GIVEN INFORMATION:
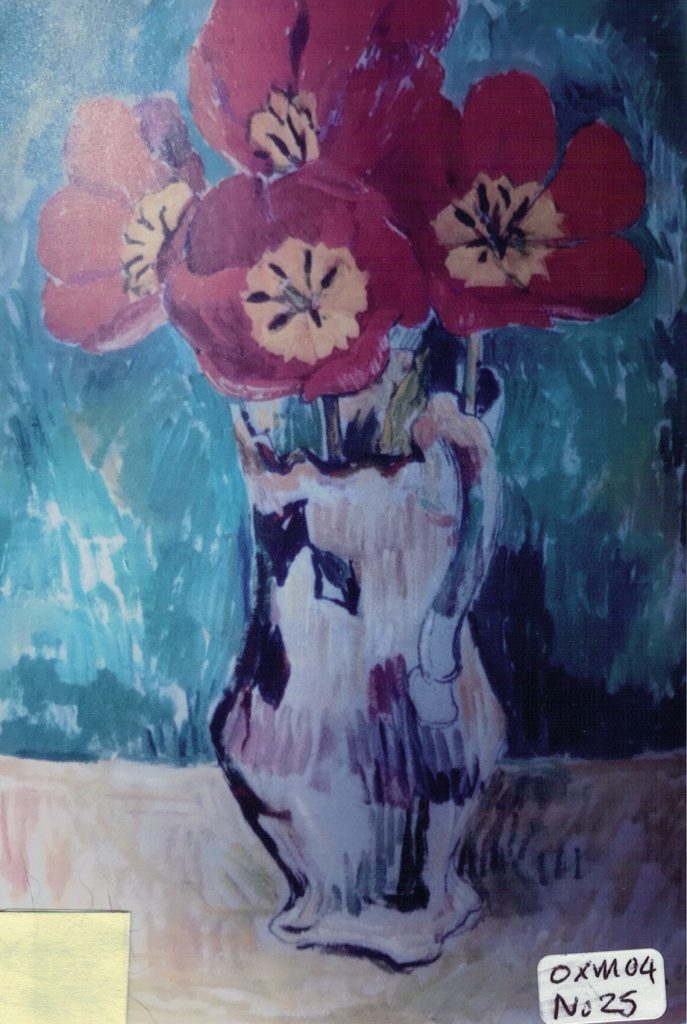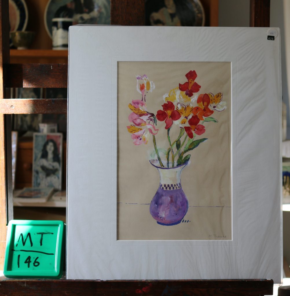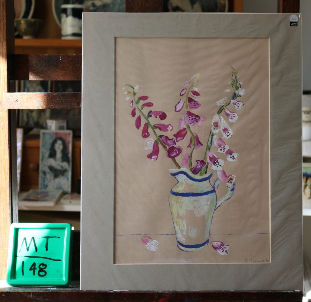 Foxgloves in cream striped jug. Gouc.
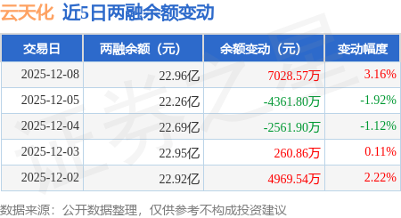 证券之星消息,12月8日,云天化(600096)融资买入2.66亿元,融资偿还1.96亿元,融资净买入7017.98万元,融资余额22.89亿元,近20个交易日中有12个交易日出现融资净买入。
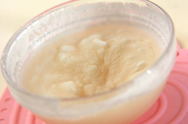 <生地>を作る。白玉粉とシロップを、白玉粉の粒がなくなるまで混ぜる。電子レンジで1分加熱して、均一に混ぜる。さらに1分加熱して、しっかりと混ぜる。
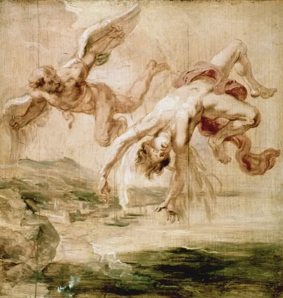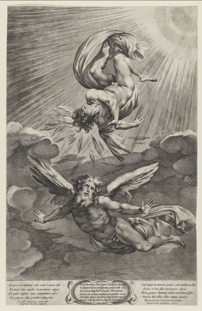 Classically, Icarus is shown as a fallen angel, muscled body in freefall. The focus is on his flight, not his face.

PROBLEM DETAILS: Write the lines above out again exactly, excluding every picture.

EXPECTED ANSWER:
 Foxgloves in cream striped jug. Gouc.
 证券之星消息,12月8日,云天化(600096)融资买入2.66亿元,融资偿还1.96亿元,融资净买入7017.98万元,融资余额22.89亿元,近20个交易日中有12个交易日出现融资净买入。
 <生地>を作る。白玉粉とシロップを、白玉粉の粒がなくなるまで混ぜる。電子レンジで1分加熱して、均一に混ぜる。さらに1分加熱して、しっかりと混ぜる。
 Classically, Icarus is shown as a fallen angel, muscled body in freefall. The focus is on his flight, not his face.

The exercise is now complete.